Segment Start: TASK INPUTS

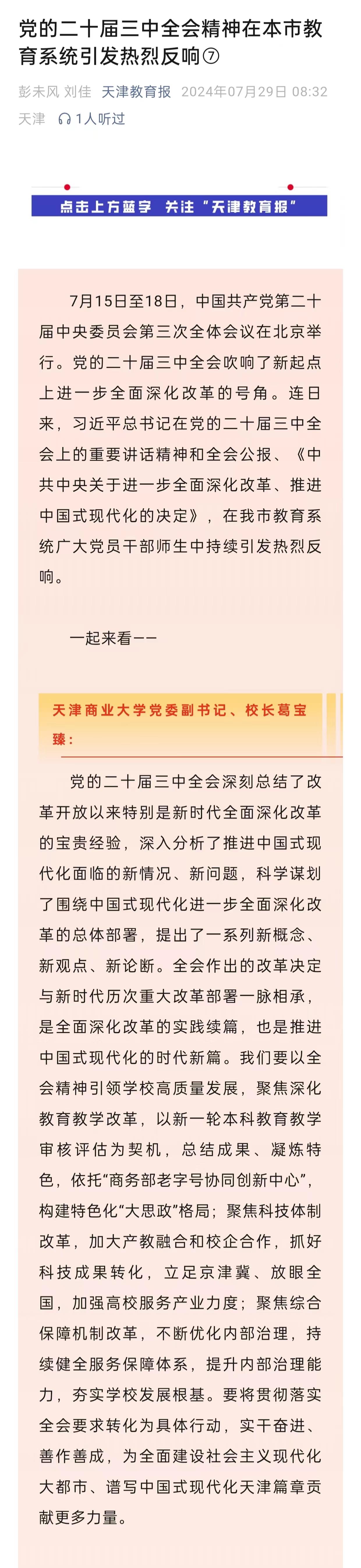 党的二十届三中全会深刻总结了改革开放以来特别是新时代全面深化改革的宝贵经验,深入分析了推进中国式现代化面临的新情况、新问题,科学谋划了围绕中国式现代化进一步全面深化改革的总体部署,提出了一系列新概念、新观点、新论断。全会作出的改革决定与新时代历次重大改革部署一脉相承,是全面深化改革的实践续篇,也是推进中国式现代化的时代新篇。我们要以全会精神引领学校高质量发展,聚焦深化教育教学改革,以新一轮本科教育教学审核评估为契机,总结成果、凝炼特色,依托“商务部老字号协同创新中心”,构建特色化“大思政”格局;聚焦科技体制改革,加大产教融合和校企合作,抓好科技成果转化,立足京津冀、放眼全国,加强高校服务产业力度;聚焦综合保障机制改革,不断优化内部治理,持续健全服务保障体系,提升内部治理能力,夯实学校发展根基。要将贯彻落实全会要求转化为具体行动,实干奋进、善作善成,为全面建设社会主义现代化大都市、谱写中国式现代化天津篇章贡献更多力量。
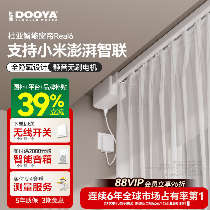 杜亚电动窗帘轨道智能Real6语音控制静音已接入米家2025新款电机
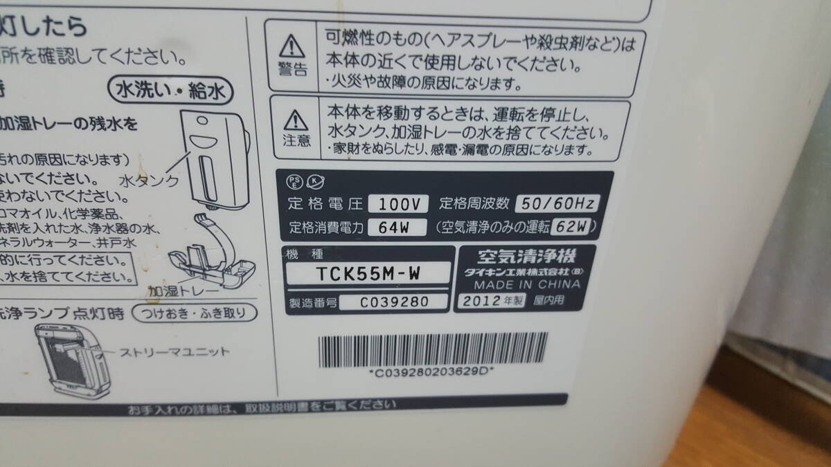 【家電】 DAIKIN ダイキン 加湿空気清浄機 TCK55M-W (1か所破損あり) 動作確認済み (No.2)
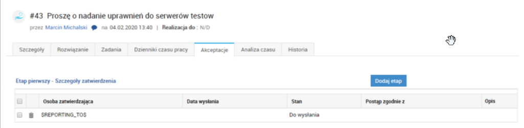 Automatycznie przypisze się osoba akceptująca, np. przełożony.
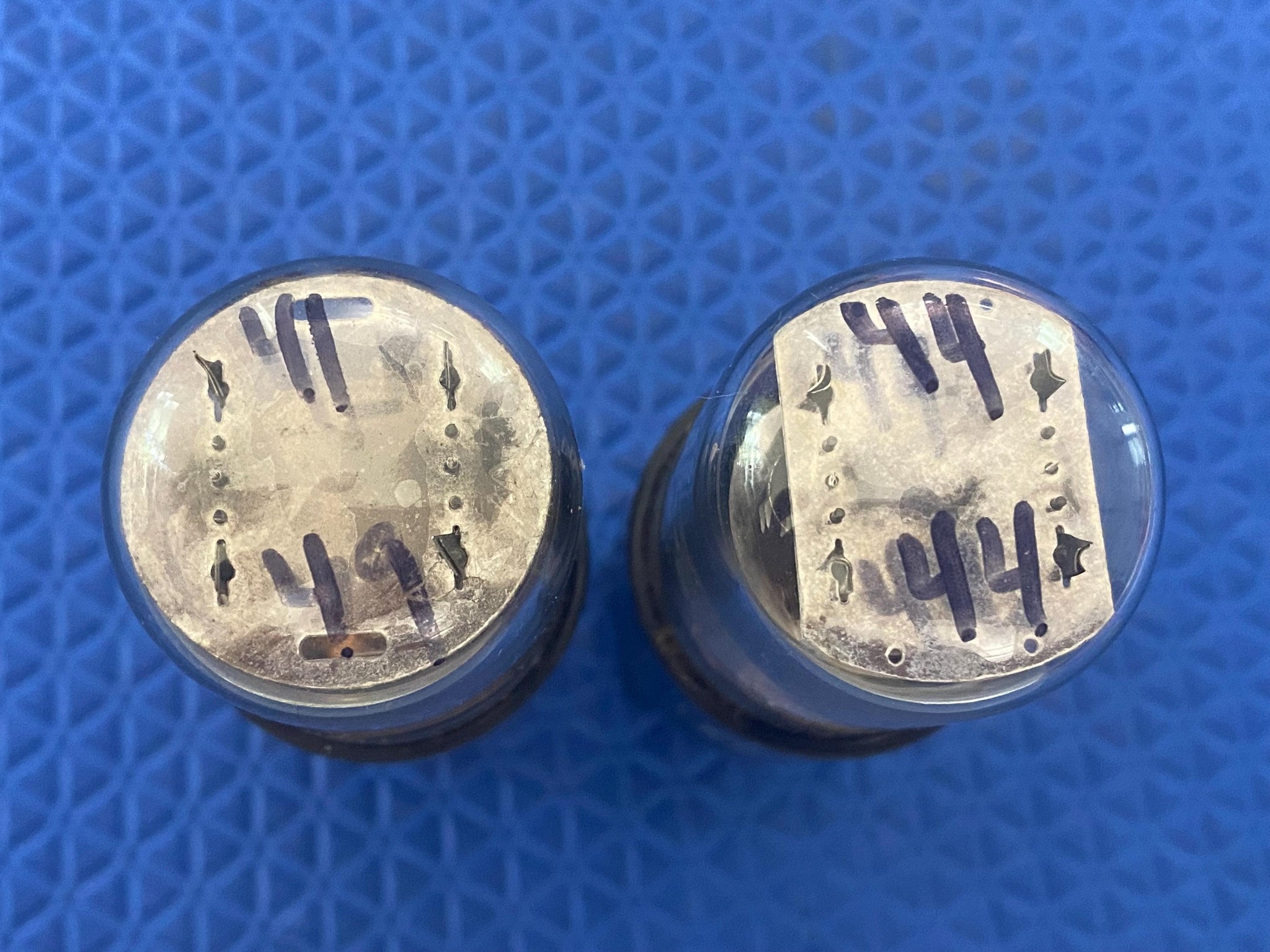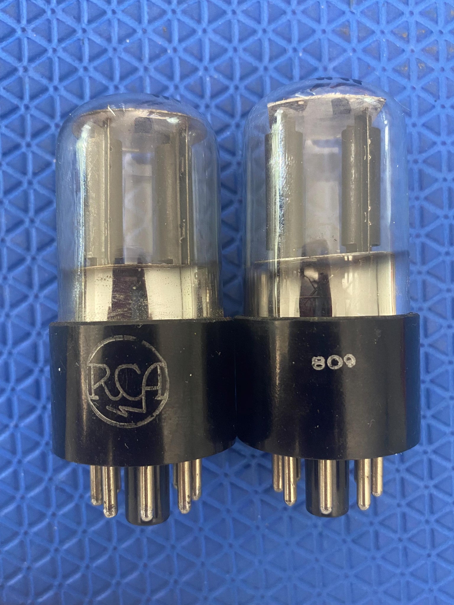 These tubes have excellent flashing; dark, gray plates and bottom, dimpled-sheet getters. Both tubes were made in the same factory just as RCA bought out Cunningham. They are exactly-the-same on the inside with the exception of the top mica spacers.

Segment End: TASK INPUTS

Write out the entries above verbatim; the pictures do not belong in your copy.

 党的二十届三中全会深刻总结了改革开放以来特别是新时代全面深化改革的宝贵经验,深入分析了推进中国式现代化面临的新情况、新问题,科学谋划了围绕中国式现代化进一步全面深化改革的总体部署,提出了一系列新概念、新观点、新论断。全会作出的改革决定与新时代历次重大改革部署一脉相承,是全面深化改革的实践续篇,也是推进中国式现代化的时代新篇。我们要以全会精神引领学校高质量发展,聚焦深化教育教学改革,以新一轮本科教育教学审核评估为契机,总结成果、凝炼特色,依托“商务部老字号协同创新中心”,构建特色化“大思政”格局;聚焦科技体制改革,加大产教融合和校企合作,抓好科技成果转化,立足京津冀、放眼全国,加强高校服务产业力度;聚焦综合保障机制改革,不断优化内部治理,持续健全服务保障体系,提升内部治理能力,夯实学校发展根基。要将贯彻落实全会要求转化为具体行动,实干奋进、善作善成,为全面建设社会主义现代化大都市、谱写中国式现代化天津篇章贡献更多力量。
 杜亚电动窗帘轨道智能Real6语音控制静音已接入米家2025新款电机
 【家電】 DAIKIN ダイキン 加湿空気清浄機 TCK55M-W (1か所破損あり) 動作確認済み (No.2)
 Automatycznie przypisze się osoba akceptująca, np. przełożony.
 These tubes have excellent flashing; dark, gray plates and bottom, dimpled-sheet getters. Both tubes were made in the same factory just as RCA bought out Cunningham. They are exactly-the-same on the inside with the exception of the top mica spacers.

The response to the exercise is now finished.